Deslocada para o subúrbio carioca, a trama de “Eu, a Vó e a Boi” se passa na rua Tudor Afogado, uma via cinza e monocromática onde as casas de Turandot e Boi são separadas por uma vala que, praticamente, materializa a aura de ódio e rancor entre as elas. Por ali, ninguém escapa ileso dos boicotes diários praticados pelas matriarcas. “O Miguel sempre me traz grandes personagens e a Turandot é um deles. É um trabalho contemporâneo, moderno. Tem a poesia, tem a crítica, tem a sátira. Foram meses vivendo intensamente com as mesmas pessoas. Então a gente se afeiçoa, se descobre, se reconhece. Já estou vivendo com saudades no coração”, entrega a veterana Arlete Salles.

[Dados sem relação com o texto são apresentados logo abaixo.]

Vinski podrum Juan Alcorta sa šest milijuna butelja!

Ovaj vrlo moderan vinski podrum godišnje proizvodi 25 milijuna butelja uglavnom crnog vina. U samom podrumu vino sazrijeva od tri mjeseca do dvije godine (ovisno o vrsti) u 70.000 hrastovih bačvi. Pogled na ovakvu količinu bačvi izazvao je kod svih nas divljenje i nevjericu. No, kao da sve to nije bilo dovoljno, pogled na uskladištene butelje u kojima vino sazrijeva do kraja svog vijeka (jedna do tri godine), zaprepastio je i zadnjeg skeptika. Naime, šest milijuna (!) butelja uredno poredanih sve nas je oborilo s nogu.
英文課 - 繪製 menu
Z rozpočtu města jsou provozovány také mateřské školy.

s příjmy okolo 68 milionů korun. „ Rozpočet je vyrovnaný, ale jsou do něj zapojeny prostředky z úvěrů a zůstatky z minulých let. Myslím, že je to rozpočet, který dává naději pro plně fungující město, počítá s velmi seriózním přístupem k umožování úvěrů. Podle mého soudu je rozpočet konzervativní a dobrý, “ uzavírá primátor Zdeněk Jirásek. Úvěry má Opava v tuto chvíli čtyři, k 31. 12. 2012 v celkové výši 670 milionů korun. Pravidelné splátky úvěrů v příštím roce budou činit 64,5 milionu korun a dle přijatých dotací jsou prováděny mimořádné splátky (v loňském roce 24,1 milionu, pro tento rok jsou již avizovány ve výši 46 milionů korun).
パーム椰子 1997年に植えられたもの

Quando Norma e Montgomery, personagens de Danielle Winits e Marco Luque, filhos das rivais, se apaixonam perdidamente, tudo parece sentenciado ao caos eterno. Nem mesmo o nascimento dos netos Roblou e Matdilou, de Daniel Rangel e Matheus Braga, abre uma trégua entre as duas senhoras. É pelo ponto de vista um tanto fragilizado de Roblou – alter ego de Eduardo Almeida –, que o público acompanha as constantes desavenças entre as duas senhoras. “O que mais me chamou a atenção, desde o primeiro teste, foi que o Roblou quebrava a quarta parede. Ele dialoga com os personagens e com o público ao mesmo tempo”, ressalta Rangel.

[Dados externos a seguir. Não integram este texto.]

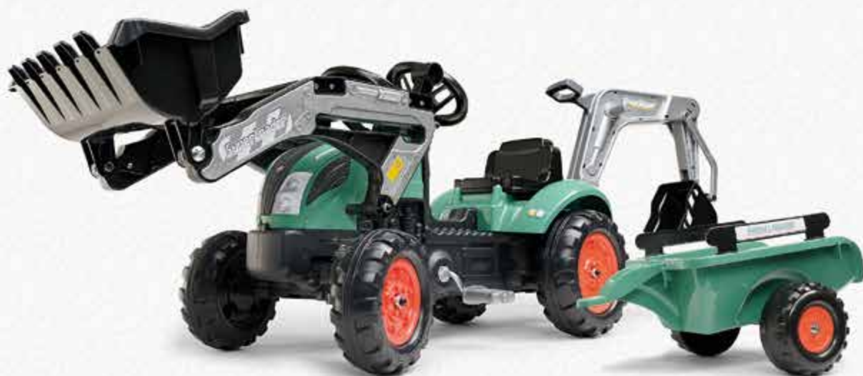
Farm Lander | ref. 2054N Ean code - 3016200000518

171 x 42 x 62 cm 67.32 x 16.54 x 24.41 inches 808 x 408 x 408 mm 31.81 x 16.06 x 16.06 inches 9.5 kg 20.95 lbs 10.38 kg 22.87 lbs 135 dm 3 4.77 ft 3 2-5 ans years

Com gravações realizadas entre abril e setembro deste ano, a cidade cenográfica “Eu, a Vó e a Boi” foi assinada por Marcia Inoue e ocupou um terreno de cerca de 2.500 m² dos Estúdios Globo. Com cenografia idealizada para fazer os figurinos extravagantes de Cao Albuquerque brilharem, todas as paredes, letreiros e objetos cênicos variam em tons de cinza. “A série não tem uma cronologia muito rígida e parte de situações alucinantes. Não queria que a estética privilegiasse a realidade, mas sim que situasse os personagens em uma espécie de universo paralelo”, explica o diretor. Ainda sem previsão de estrear na emissora aberta, a série pode ser um dos últimos trabalhos de Miguel Falabella na Globo, que já avisou que não pretende renovar seu contrato no ano que vem. Empolgado com as possibilidades do “streaming”, a ideia do ator e autor agora é garantir mais independência aos seus projetos com a possibilidade de negociar com outros canais e plataformas de vídeo. “Quero liberdade. Hoje em dia, se a Globo não se interessa por um projeto meu, acabo sem ter onde desenvolvê-lo”, analisa Miguel.